Effective detection methods for fumonisins are very important in light of the health risks posed by these toxins. For food and crop safety, there is therefore a need to develop sensitive, selective, and robust analytical methods that would allow for the reliable detection, accurate monitoring, quality control, and risk assessment of fumonisins.

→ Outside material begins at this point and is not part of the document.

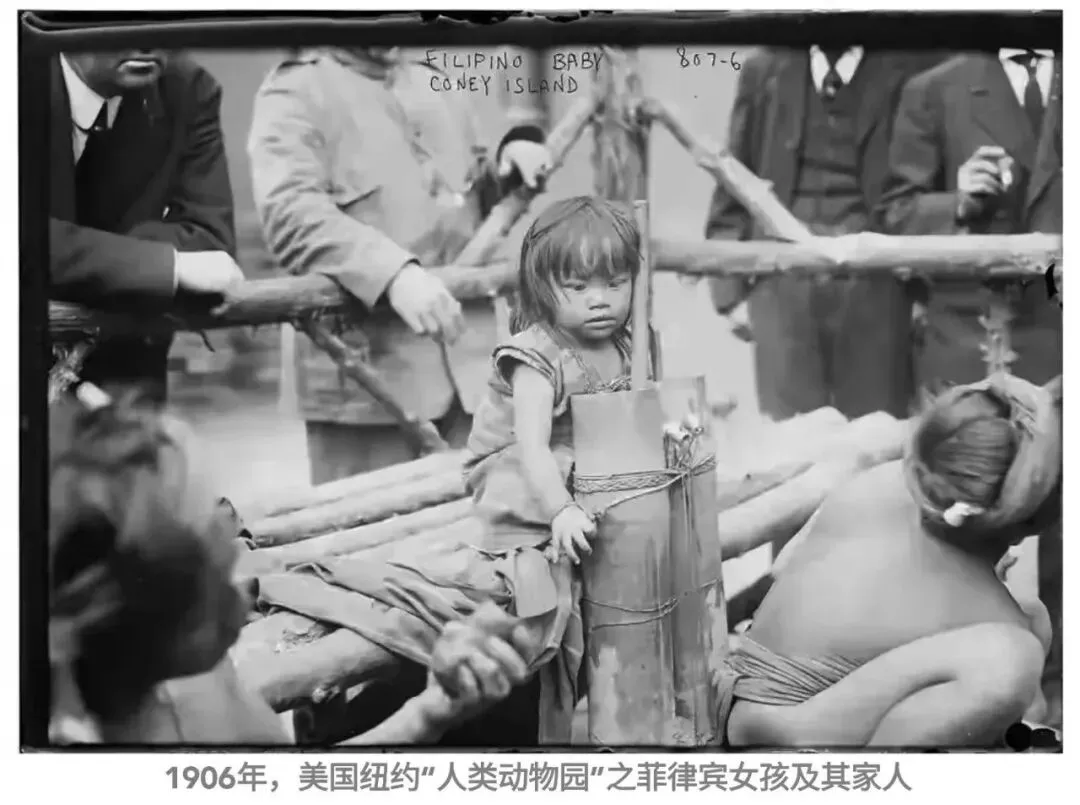 不要觉得美国的纽约人类动物园里关押的都是黑人,黄种人在当时一样被视为“土著”和“野蛮人”,在纽约人类动物园里被关押的一个菲律宾女孩及其家人,就被衣冠楚楚的纽约白人们当猴子一样观赏,这一切都被相机给记录了下来。这种人类动物园的发明并不是英国和美国的专属,而是在整个欧美世界流行。1899年,“巴黎热带花园”开张,主办方从法国殖民帝国的各个殖民地“购买”了很多土著居民,然后1:1地仿制原生态的房屋。一共在花园里建起了6个村落,持续展览了几个月时间,吸引了100万游客入场参观。1906年,法国马赛举行殖民地展览,半裸或全裸的“殖民地人种”被关在笼子里展示。1907年,法国巴黎举行殖民地展览,半裸或全裸的“殖民地人种”被关在笼子里展示。1931年,柏林动物园展出从非洲带回的大象,以及一群非洲黑人。以上这些,只是我随手查到的有据可考人类展出记录,远远不是全部。为满足游客的猎奇心理,获取经济利益,还曾经出现过动物园们故意“制造”各种畸形和奇特的“土著”供游客参观。比如一个叫板加的非洲男孩就曾经被人硬生生的把满嘴的牙齿全部磨成尖尖的样子,然后被当成了稀有品展出。被展出的黄种土著人也不止菲律宾人,我们中国人也有份,无据可考的不知道有多少,但仅有据可考的就有两个例子。1840年《南京条约》签订之后,中国的大门被殖民者轰开,欧美国家开始了掠夺中国的狂潮。1842年,来自美国的卡恩兄弟从中国拐骗了一个19岁的会弹琵琶的中国姑娘前往美国纽约,将她带到美国后取名莫阿芬,然后把她关押进了动物园。在这个动物园里,这个被关在铁笼子里的中国姑娘阿芬需要按照游客的要求提起裤管展示自己的小脚,每名进场观看的游客需要缴纳50美分,看小脚走路需要再加收50美分,所有收入全部归卡恩兄弟。我们之所以能知道这位中国姑娘的故事,是因为当时刊登在美国报纸上的一则宣传海报,否则这件事就只能像其他茫茫多的例子一样湮灭在历史长河中无人得知。还有个案例就是1910年,日本殖民者将台湾原住民带到英国伦敦,以日本“殖民地土著”的身份参加了英国组织的人种博览会,和其他欧洲列强的“殖民地土著”一起展出,也留下了照片记录。1910年啊,大清都马上要亡了,台湾土著都能被当成稀有动物来展出。世界上最后一次的人类动物园,也就是所谓的人种博览会,是在1958年举办的,地点是比利时布鲁塞尔,名称叫万国博览会。在这个最后的人类动物园中,183个刚果家庭的273名男子、128名妇女和197名儿童在3公顷的模拟热带村庄中,被展出长达数月。一名记者写道:“如果围栏里没有反应,游览者会把钱或香蕉投到围栏里。”

Current detection methods are diverse and include various technologies and approaches that enable the identification and quantification of levels of fumonisin in different samples. While newer colorimetric methods using immunologic and molecular approaches are being developed, including those using dyes, enzymes, aptamers, and even nanomaterials, chromatographic methods coupled with mass spectrometry or other detectors are still the most reliable methods at this present time and, therefore, are the most frequently used analytical method, especially in detailed quantification of fumonisins [194,195].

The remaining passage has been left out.